WHAT THE EXERCISE ASKS
All of the data that follows should be given again exactly, without its images.
*** INPUT DATA Section Begins ***
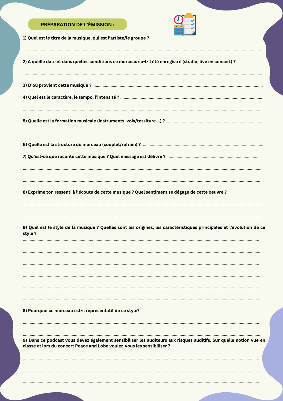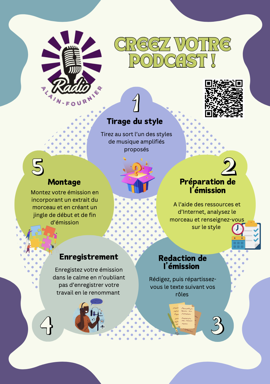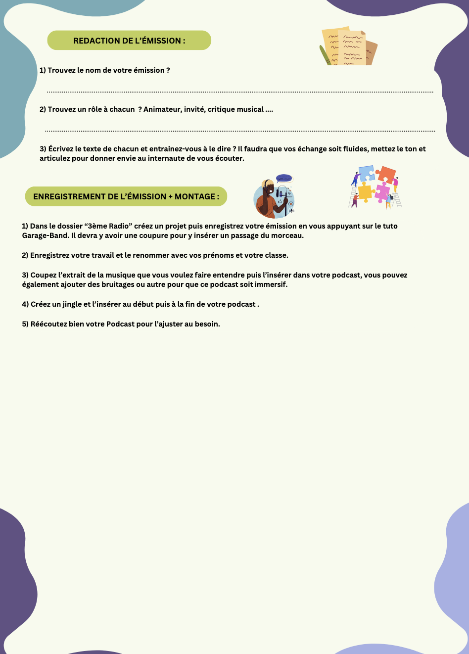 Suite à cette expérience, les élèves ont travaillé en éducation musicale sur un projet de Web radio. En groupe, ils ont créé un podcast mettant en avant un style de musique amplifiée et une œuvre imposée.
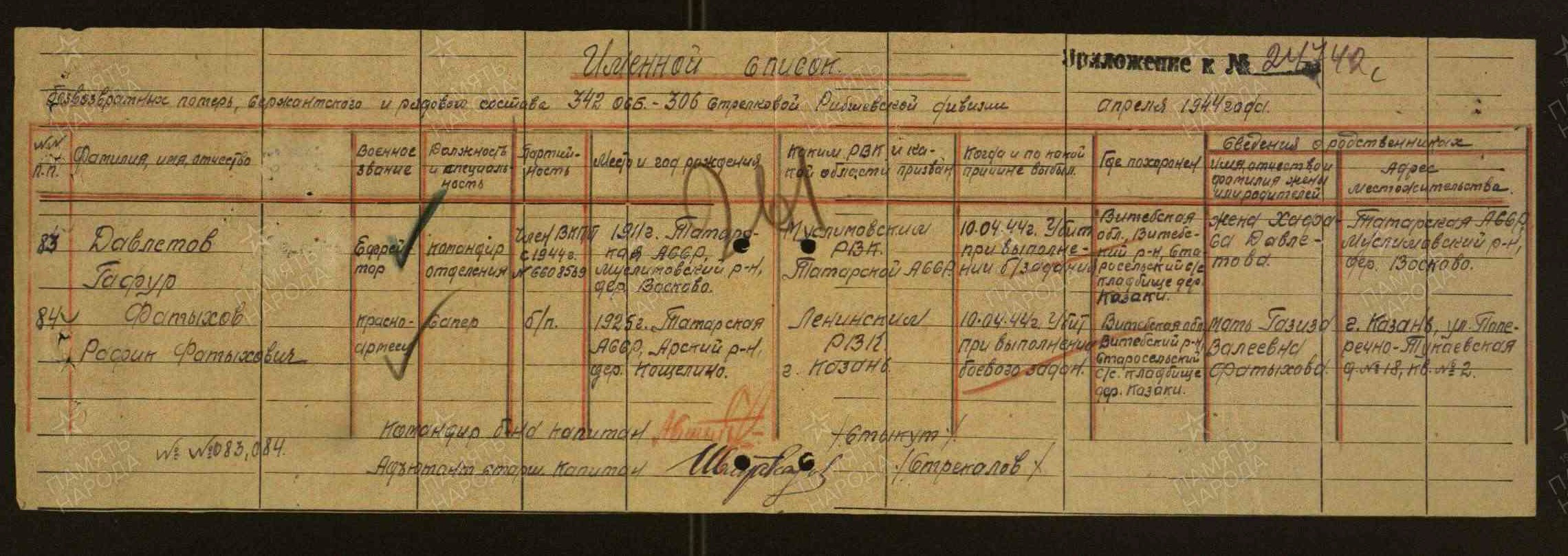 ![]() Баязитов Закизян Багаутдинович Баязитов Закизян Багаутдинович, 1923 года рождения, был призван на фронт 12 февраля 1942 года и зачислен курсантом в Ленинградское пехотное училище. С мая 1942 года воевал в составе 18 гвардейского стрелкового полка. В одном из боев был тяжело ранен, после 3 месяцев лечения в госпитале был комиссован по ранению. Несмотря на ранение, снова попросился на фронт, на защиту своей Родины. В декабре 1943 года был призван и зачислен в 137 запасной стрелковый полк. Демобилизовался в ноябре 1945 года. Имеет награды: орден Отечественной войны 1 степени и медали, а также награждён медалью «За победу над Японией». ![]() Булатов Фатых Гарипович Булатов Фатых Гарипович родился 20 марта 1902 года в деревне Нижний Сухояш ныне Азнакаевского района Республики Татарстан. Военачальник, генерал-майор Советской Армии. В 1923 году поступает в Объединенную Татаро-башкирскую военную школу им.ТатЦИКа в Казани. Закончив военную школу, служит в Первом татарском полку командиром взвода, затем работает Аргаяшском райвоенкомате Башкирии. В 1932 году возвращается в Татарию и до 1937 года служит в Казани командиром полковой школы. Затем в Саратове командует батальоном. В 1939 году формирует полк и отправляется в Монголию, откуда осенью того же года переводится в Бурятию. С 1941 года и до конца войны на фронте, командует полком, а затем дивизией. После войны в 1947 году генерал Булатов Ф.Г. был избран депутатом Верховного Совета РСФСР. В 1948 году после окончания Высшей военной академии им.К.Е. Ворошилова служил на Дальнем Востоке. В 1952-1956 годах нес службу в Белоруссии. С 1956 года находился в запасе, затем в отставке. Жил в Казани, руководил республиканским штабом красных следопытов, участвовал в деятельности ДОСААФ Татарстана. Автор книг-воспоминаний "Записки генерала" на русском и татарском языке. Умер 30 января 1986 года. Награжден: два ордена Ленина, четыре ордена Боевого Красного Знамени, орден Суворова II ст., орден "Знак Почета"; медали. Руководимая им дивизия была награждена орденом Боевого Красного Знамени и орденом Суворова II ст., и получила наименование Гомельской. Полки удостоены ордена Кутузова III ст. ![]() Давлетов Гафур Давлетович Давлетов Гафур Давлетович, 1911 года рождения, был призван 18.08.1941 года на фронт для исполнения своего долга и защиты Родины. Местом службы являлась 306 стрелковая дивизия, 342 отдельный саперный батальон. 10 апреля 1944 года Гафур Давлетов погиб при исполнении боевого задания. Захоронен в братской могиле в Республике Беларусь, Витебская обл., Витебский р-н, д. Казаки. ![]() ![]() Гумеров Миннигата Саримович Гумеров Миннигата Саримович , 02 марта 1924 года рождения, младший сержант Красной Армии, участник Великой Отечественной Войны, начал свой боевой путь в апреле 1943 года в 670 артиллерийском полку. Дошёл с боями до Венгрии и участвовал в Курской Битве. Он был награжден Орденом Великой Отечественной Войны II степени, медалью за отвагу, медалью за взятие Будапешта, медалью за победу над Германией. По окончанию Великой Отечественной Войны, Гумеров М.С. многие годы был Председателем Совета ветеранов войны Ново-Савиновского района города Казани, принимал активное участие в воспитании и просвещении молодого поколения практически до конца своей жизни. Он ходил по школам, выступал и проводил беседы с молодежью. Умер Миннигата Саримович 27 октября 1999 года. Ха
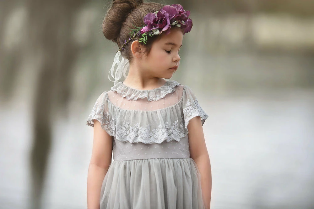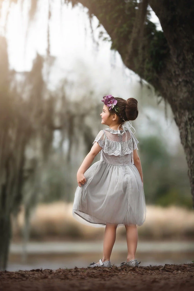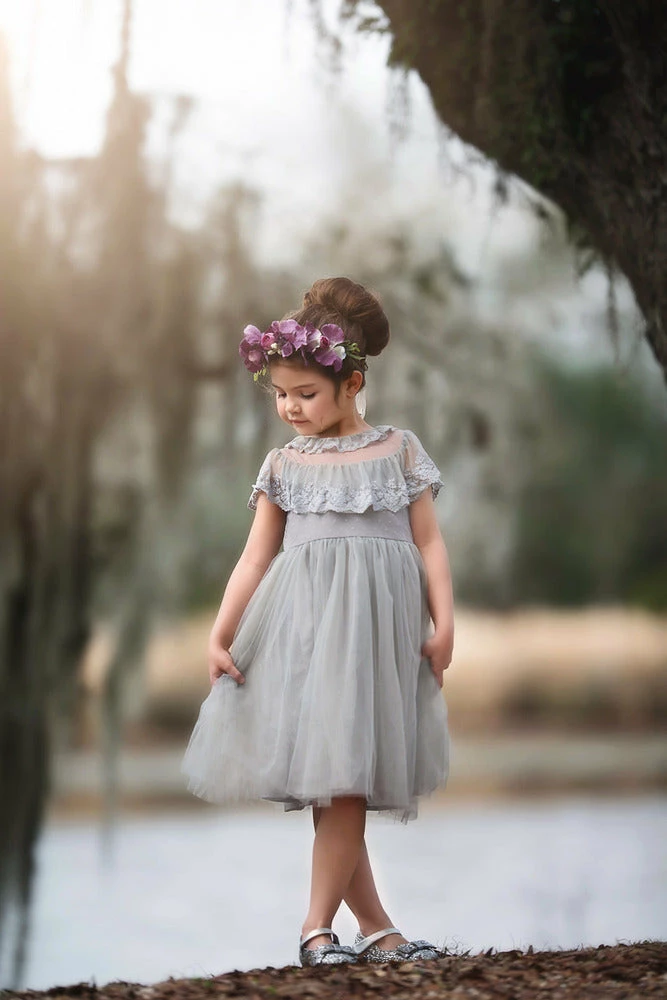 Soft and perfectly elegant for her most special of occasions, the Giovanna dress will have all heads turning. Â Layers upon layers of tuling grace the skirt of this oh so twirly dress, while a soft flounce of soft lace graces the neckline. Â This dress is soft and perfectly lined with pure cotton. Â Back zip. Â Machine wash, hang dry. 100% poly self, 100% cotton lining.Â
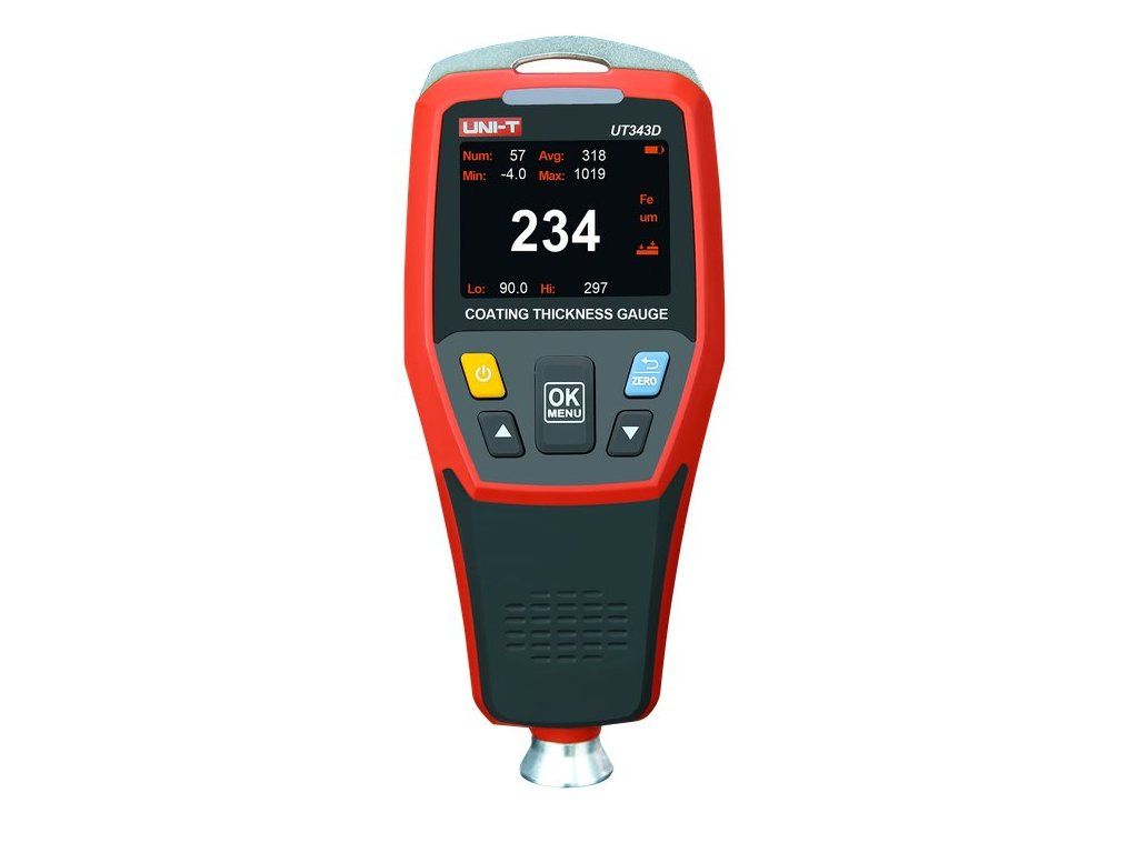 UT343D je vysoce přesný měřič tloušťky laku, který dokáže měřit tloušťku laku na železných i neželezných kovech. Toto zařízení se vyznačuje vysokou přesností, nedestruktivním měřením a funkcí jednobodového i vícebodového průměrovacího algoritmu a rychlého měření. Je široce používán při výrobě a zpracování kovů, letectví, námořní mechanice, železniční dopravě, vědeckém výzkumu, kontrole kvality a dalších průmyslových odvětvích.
*** INPUT DATA Section Ends ***
TASK SOLUTION
 Suite à cette expérience, les élèves ont travaillé en éducation musicale sur un projet de Web radio. En groupe, ils ont créé un podcast mettant en avant un style de musique amplifiée et une œuvre imposée.
 ![]() Баязитов Закизян Багаутдинович Баязитов Закизян Багаутдинович, 1923 года рождения, был призван на фронт 12 февраля 1942 года и зачислен курсантом в Ленинградское пехотное училище. С мая 1942 года воевал в составе 18 гвардейского стрелкового полка. В одном из боев был тяжело ранен, после 3 месяцев лечения в госпитале был комиссован по ранению. Несмотря на ранение, снова попросился на фронт, на защиту своей Родины. В декабре 1943 года был призван и зачислен в 137 запасной стрелковый полк. Демобилизовался в ноябре 1945 года. Имеет награды: орден Отечественной войны 1 степени и медали, а также награждён медалью «За победу над Японией». ![]() Булатов Фатых Гарипович Булатов Фатых Гарипович родился 20 марта 1902 года в деревне Нижний Сухояш ныне Азнакаевского района Республики Татарстан. Военачальник, генерал-майор Советской Армии. В 1923 году поступает в Объединенную Татаро-башкирскую военную школу им.ТатЦИКа в Казани. Закончив военную школу, служит в Первом татарском полку командиром взвода, затем работает Аргаяшском райвоенкомате Башкирии. В 1932 году возвращается в Татарию и до 1937 года служит в Казани командиром полковой школы. Затем в Саратове командует батальоном. В 1939 году формирует полк и отправляется в Монголию, откуда осенью того же года переводится в Бурятию. С 1941 года и до конца войны на фронте, командует полком, а затем дивизией. После войны в 1947 году генерал Булатов Ф.Г. был избран депутатом Верховного Совета РСФСР. В 1948 году после окончания Высшей военной академии им.К.Е. Ворошилова служил на Дальнем Востоке. В 1952-1956 годах нес службу в Белоруссии. С 1956 года находился в запасе, затем в отставке. Жил в Казани, руководил республиканским штабом красных следопытов, участвовал в деятельности ДОСААФ Татарстана. Автор книг-воспоминаний "Записки генерала" на русском и татарском языке. Умер 30 января 1986 года. Награжден: два ордена Ленина, четыре ордена Боевого Красного Знамени, орден Суворова II ст., орден "Знак Почета"; медали. Руководимая им дивизия была награждена орденом Боевого Красного Знамени и орденом Суворова II ст., и получила наименование Гомельской. Полки удостоены ордена Кутузова III ст. ![]() Давлетов Гафур Давлетович Давлетов Гафур Давлетович, 1911 года рождения, был призван 18.08.1941 года на фронт для исполнения своего долга и защиты Родины. Местом службы являлась 306 стрелковая дивизия, 342 отдельный саперный батальон. 10 апреля 1944 года Гафур Давлетов погиб при исполнении боевого задания. Захоронен в братской могиле в Республике Беларусь, Витебская обл., Витебский р-н, д. Казаки. ![]() ![]() Гумеров Миннигата Саримович Гумеров Миннигата Саримович , 02 марта 1924 года рождения, младший сержант Красной Армии, участник Великой Отечественной Войны, начал свой боевой путь в апреле 1943 года в 670 артиллерийском полку. Дошёл с боями до Венгрии и участвовал в Курской Битве. Он был награжден Орденом Великой Отечественной Войны II степени, медалью за отвагу, медалью за взятие Будапешта, медалью за победу над Германией. По окончанию Великой Отечественной Войны, Гумеров М.С. многие годы был Председателем Совета ветеранов войны Ново-Савиновского района города Казани, принимал активное участие в воспитании и просвещении молодого поколения практически до конца своей жизни. Он ходил по школам, выступал и проводил беседы с молодежью. Умер Миннигата Саримович 27 октября 1999 года. Ха
 Soft and perfectly elegant for her most special of occasions, the Giovanna dress will have all heads turning. Â Layers upon layers of tuling grace the skirt of this oh so twirly dress, while a soft flounce of soft lace graces the neckline. Â This dress is soft and perfectly lined with pure cotton. Â Back zip. Â Machine wash, hang dry. 100% poly self, 100% cotton lining.Â
 UT343D je vysoce přesný měřič tloušťky laku, který dokáže měřit tloušťku laku na železných i neželezných kovech. Toto zařízení se vyznačuje vysokou přesností, nedestruktivním měřením a funkcí jednobodového i vícebodového průměrovacího algoritmu a rychlého měření. Je široce používán při výrobě a zpracování kovů, letectví, námořní mechanice, železniční dopravě, vědeckém výzkumu, kontrole kvality a dalších průmyslových odvětvích.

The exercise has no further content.